When ancient DNA is unavailable, researchers have turned to a type of sugar chain to fill in the pieces of the human evolution puzzle.
Researchers from the University of California San Diego School of Medicine have discovered that a type of glycan—which can survive even in a four-million-year old animal fossil—can provide scientists crucial information when DNA is not available.
“In recent decades, many new hominin fossils were discovered and considered to be the ancestors of humans,” Dr. Ajit Varki, a Distinguished Professor of Medicine and Cellular and Molecular Medicine at UC San Diego School of Medicine, said in a statement. “But it’s not possible that all gave rise to modern humans—it’s more likely that there were many human-like species over time, only one from which we descended.
“This new type of glycan we found may give us a better way to investigate which lineage is ours, as well as answer many other questions about our evolution and our propensity to consume red meat.”
Glycans are complex sugar chains on the surfaces of all cells that mediate interaction between cells and the environment. They often serve as docking sites for pathogens.
The common ancestors of humans and other apes have been known to share the glycan Neu5Gc for millions of years, with a mutation occurring between two and three million years ago that inactivated the human gene encoding the enzyme that makes the molecule. This amounted to a radical molecular makeover of human ancestral cell surfaces.
This might have created a fertility barrier that expedited the divergence of the lineage leading to humans.

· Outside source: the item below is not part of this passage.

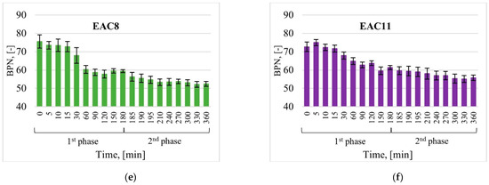 The BPN values for the EAC samples decreased by 21% and 18% after the first phase, and by 12% and 9% in the second phase (EAC8 and EAC11, respectively). In the case of the rest of the tested specimens, decreases in the BPN values ranging from 12 to 25% were recorded in phase II.

The researchers discovered that as part of its natural breakdown, Neu5Gc is also incorporated into chondroitin sulfate—an abundant component in bone— and found that the molecule Gc-CS is present in a variety of mammalian samples, including easily detectable amounts in chimpanzee bones and mouse tissue.
The researchers discovered only trace amounts of both Neu5Gc and Gc-CS in human cells and serum—likely from red meat consumption.
Varki then found Gc-CS in ancient hominin fossils.
“Once we’ve refined our technique to the point that we need smaller sample amounts and are able to obtain ancient hominin fossils from Africa, we may eventually be able to classify them into two groups — those that have Gc-CS and those that do not,” Varki said. “Those that lack the molecule would mostly likely belong to the lineage that led to modern humans.”
Varki said he expects the discovery to at some point lead to a better understanding of human evolution.
“It’s possible we’ll one day find three groups of hominin fossils — those with Gc-CS before the human lineage branched off, those without Gc-CS in our direct lineage and then more recent fossils in which trace amounts of Gc-CS began to reappear when our ancestors began eating red meat,” Varki said. “Or maybe our ancestors lost Gc-CS more gradually, or only after we began eating red meat.
“It will be interesting to see and we can begin asking these questions now that we know we can reliably find Gc-CS in ancient fossils in Africa.”